In the quasi-Victorian town of Cobbleton, there lived a legendary toymaker named Jeronicus Jangle (Justin Cornwell), whose fanciful inventions burst with whimsy and wonder. But when his newest creation, a self-obsessed robotic matador toy (amusingly voiced by Ricky Martin) convinces Jangle’s trusted apprentice, Gustafson (Miles Barrow), to steal the book of blueprints for inventions and pass them off as his own, Jeronicus is ruined and driven to despair. The years pass and Jeronicus becomes old, bitter, and Forest Whitaker. But when his bright and inventive granddaughter, Journey (Madalen Mills), comes to visit, she sets out to heal the old man’s broken spirit and reawaken the magic within him.
Writer-Director David E. Talbert (Baggage Claim, Almost Christmas) was driven to make the film after trying to introduce his son to Chitty Chitty Bang Bang and discovering that the boy felt no connection to it because he couldn’t see himself in the all-white cast. This put the movie in proper context for me, recognizing both the sad truth that the era of ’60s musicals were about as inclusive as the most posh country clubs of that era, and also that just because I grew up with Chitty Chitty Bang Bang, it doesn’t mean it’s a great or particularly cohesive film (but it’s still a magical one).

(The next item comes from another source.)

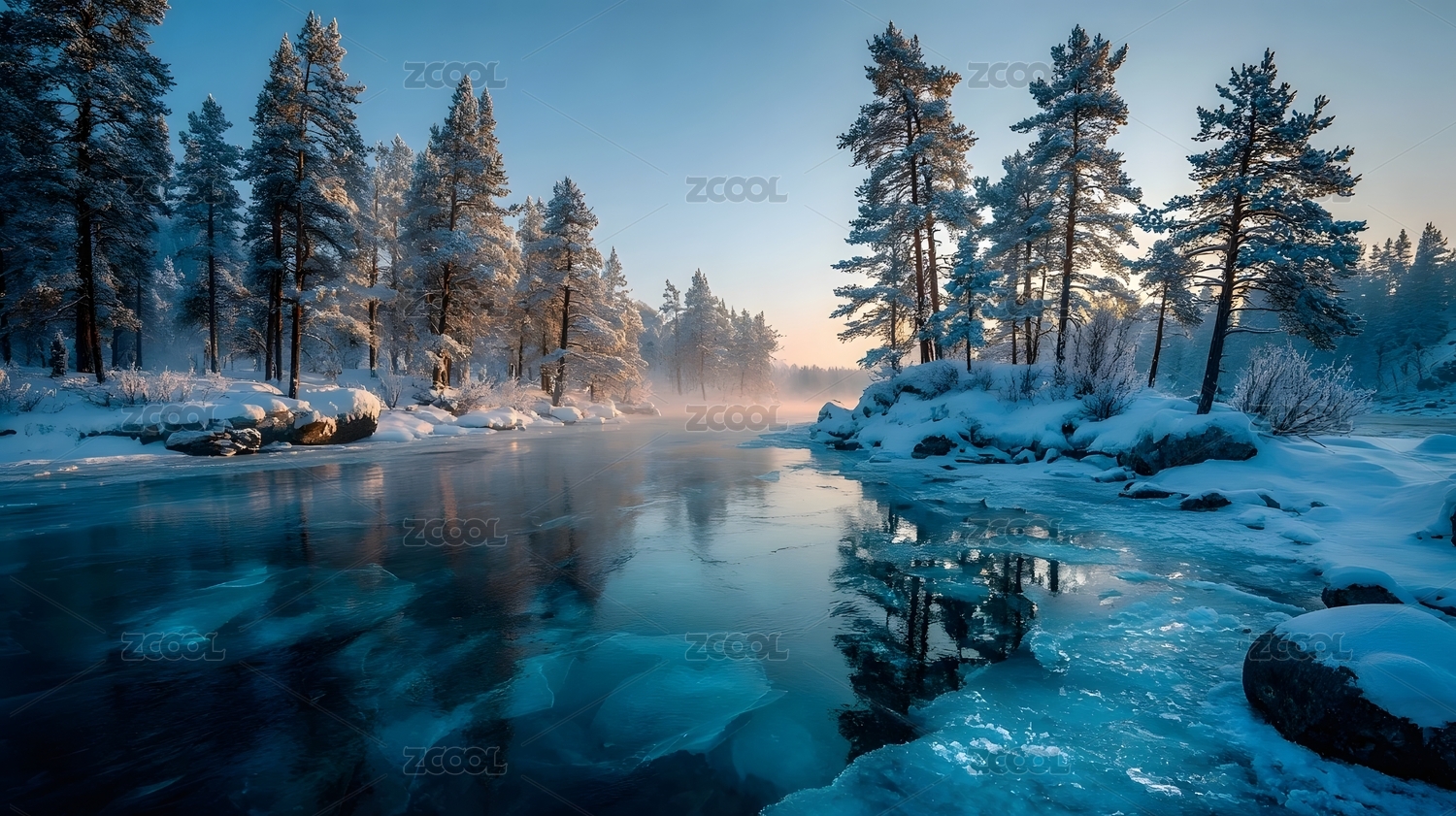 树木,宁静,自然,风景,冷色调,冬天,森林,阳光,静谧,河流

Jingle Jangle is magical, even if it’s also a frenetic and jumbled mess. The film often makes very little sense, and it’s filled with enough high fructose corn syrup to keep the Coca-Cola company going for three months. But it’s a Christmas musical for kids—energetic, fun and made with heartfelt good intentions. The enthusiastic cast fully commits to making it digestible, and the production design by Gavin Bocquet (the Star Wars prequels) is gorgeous. Talbert’s direction is capable, though between the set design and the energetic dance choreography, he shoots largely in wider angles that sometimes make it feel like a stage production or TV special. But the choice to do some of the narrated sequences in animation—made to look like hand carved wooden toys—is an enchanting one.
The original songs, written by John Legend, Philip Lawrence and Davy Nathan, are very lovely, even if there isn’t a true show stopper in the bunch. Whittaker has a surprisingly strong singing voice, and his performance, and that of newcomer Mills as his granddaughter, anchors the movie. Keegan-Michael Key, who seems to be in every third movie these days, does terrific work as the older version of Gustafson, though the character doesn’t give him enough chances to shine, and he deserves a star vehicle of his own. But far more unfortunately underused is Anika Noni Rose (The Princess and The Frog) as Jangle’s estranged daughter. She’s good, and I could have done with a lot more of her.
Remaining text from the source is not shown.